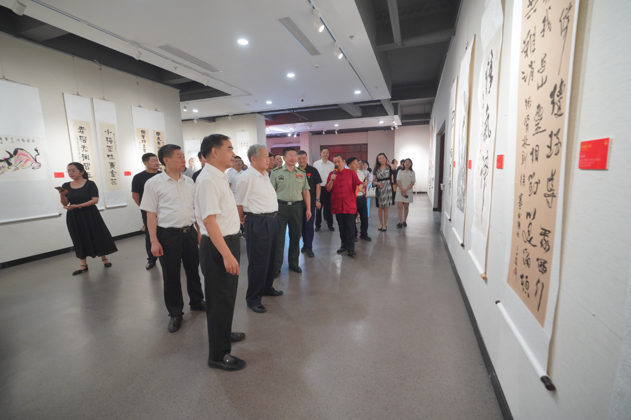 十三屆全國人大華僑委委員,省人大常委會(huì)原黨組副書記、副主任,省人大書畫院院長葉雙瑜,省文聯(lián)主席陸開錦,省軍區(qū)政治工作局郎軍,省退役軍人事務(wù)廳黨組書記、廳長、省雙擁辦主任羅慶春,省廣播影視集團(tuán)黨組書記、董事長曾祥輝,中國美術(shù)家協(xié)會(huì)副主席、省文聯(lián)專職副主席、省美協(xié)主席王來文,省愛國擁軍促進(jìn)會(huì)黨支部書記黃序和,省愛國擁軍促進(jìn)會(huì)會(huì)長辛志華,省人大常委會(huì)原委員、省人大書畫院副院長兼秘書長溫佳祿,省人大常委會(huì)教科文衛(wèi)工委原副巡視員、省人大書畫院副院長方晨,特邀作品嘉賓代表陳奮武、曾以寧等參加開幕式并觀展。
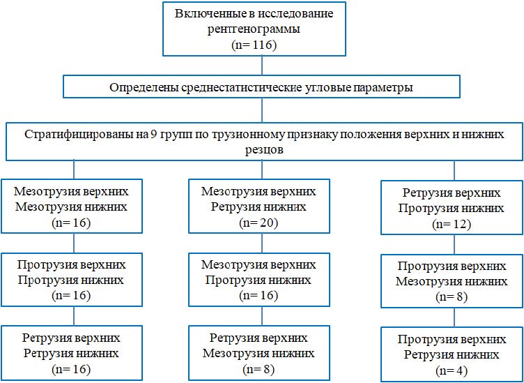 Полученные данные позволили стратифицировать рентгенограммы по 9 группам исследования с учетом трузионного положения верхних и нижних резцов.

* * *

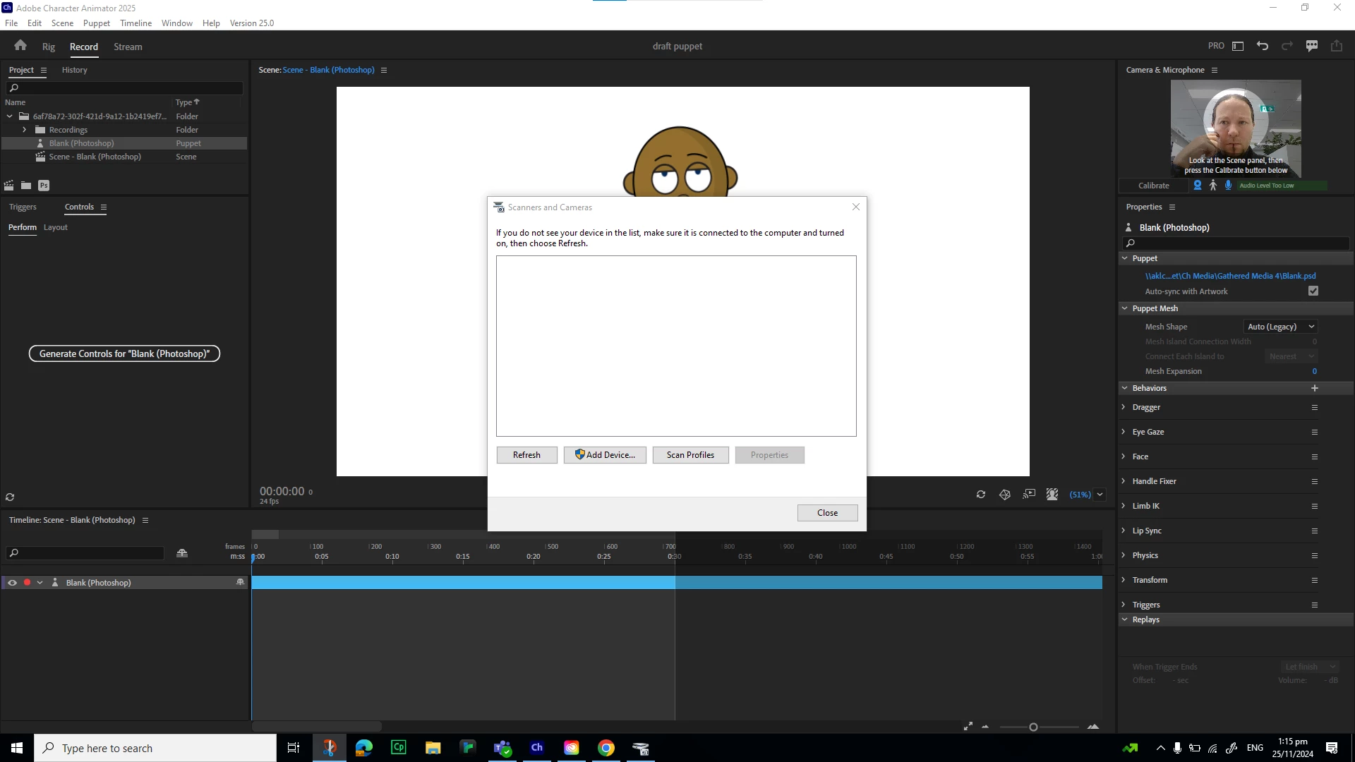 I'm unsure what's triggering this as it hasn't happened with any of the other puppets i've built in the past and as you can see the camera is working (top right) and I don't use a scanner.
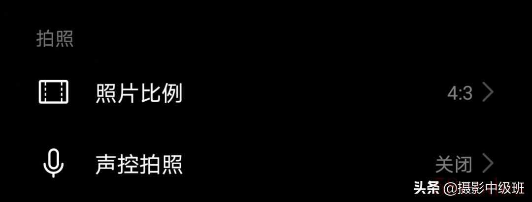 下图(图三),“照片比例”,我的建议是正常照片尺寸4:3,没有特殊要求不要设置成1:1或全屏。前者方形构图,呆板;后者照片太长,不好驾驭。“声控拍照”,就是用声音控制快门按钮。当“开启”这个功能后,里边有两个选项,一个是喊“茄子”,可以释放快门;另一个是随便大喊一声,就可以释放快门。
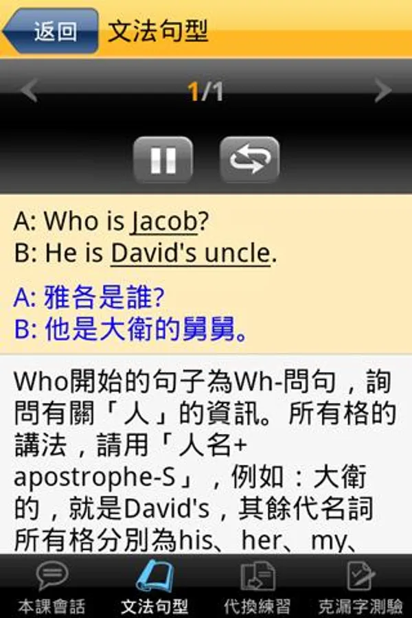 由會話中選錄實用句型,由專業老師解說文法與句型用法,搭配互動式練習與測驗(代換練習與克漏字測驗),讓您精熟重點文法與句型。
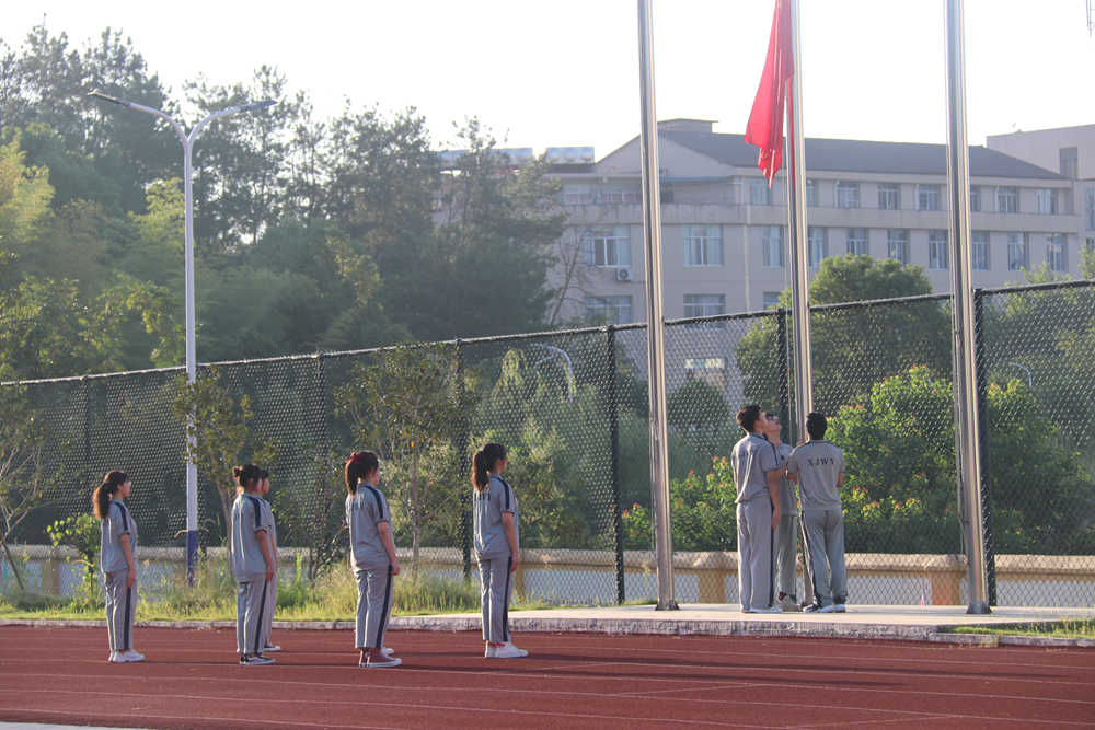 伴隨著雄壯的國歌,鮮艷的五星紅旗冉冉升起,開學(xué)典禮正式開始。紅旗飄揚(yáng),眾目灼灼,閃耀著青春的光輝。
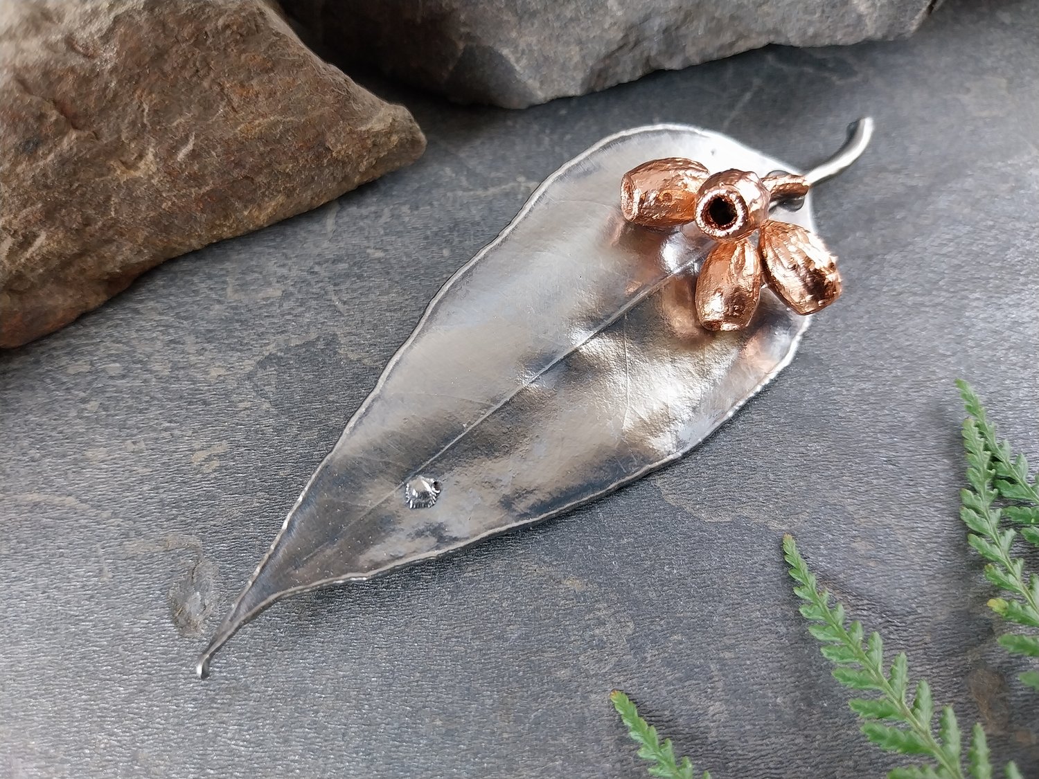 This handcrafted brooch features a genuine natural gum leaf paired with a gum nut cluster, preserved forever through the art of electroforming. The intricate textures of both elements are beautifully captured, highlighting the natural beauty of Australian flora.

**Assignment**:
For this exercise, transcribe exactly the part of the records above that opens with the line containing "十三屆全國人大華僑委委員,省" and closes with the one containing "Полученные данные позволили". Pictures are not part of the copy.

**Answer to the exercise**:
 十三屆全國人大華僑委委員,省人大常委會(huì)原黨組副書記、副主任,省人大書畫院院長葉雙瑜,省文聯(lián)主席陸開錦,省軍區(qū)政治工作局郎軍,省退役軍人事務(wù)廳黨組書記、廳長、省雙擁辦主任羅慶春,省廣播影視集團(tuán)黨組書記、董事長曾祥輝,中國美術(shù)家協(xié)會(huì)副主席、省文聯(lián)專職副主席、省美協(xié)主席王來文,省愛國擁軍促進(jìn)會(huì)黨支部書記黃序和,省愛國擁軍促進(jìn)會(huì)會(huì)長辛志華,省人大常委會(huì)原委員、省人大書畫院副院長兼秘書長溫佳祿,省人大常委會(huì)教科文衛(wèi)工委原副巡視員、省人大書畫院副院長方晨,特邀作品嘉賓代表陳奮武、曾以寧等參加開幕式并觀展。
 Полученные данные позволили стратифицировать рентгенограммы по 9 группам исследования с учетом трузионного положения верхних и нижних резцов.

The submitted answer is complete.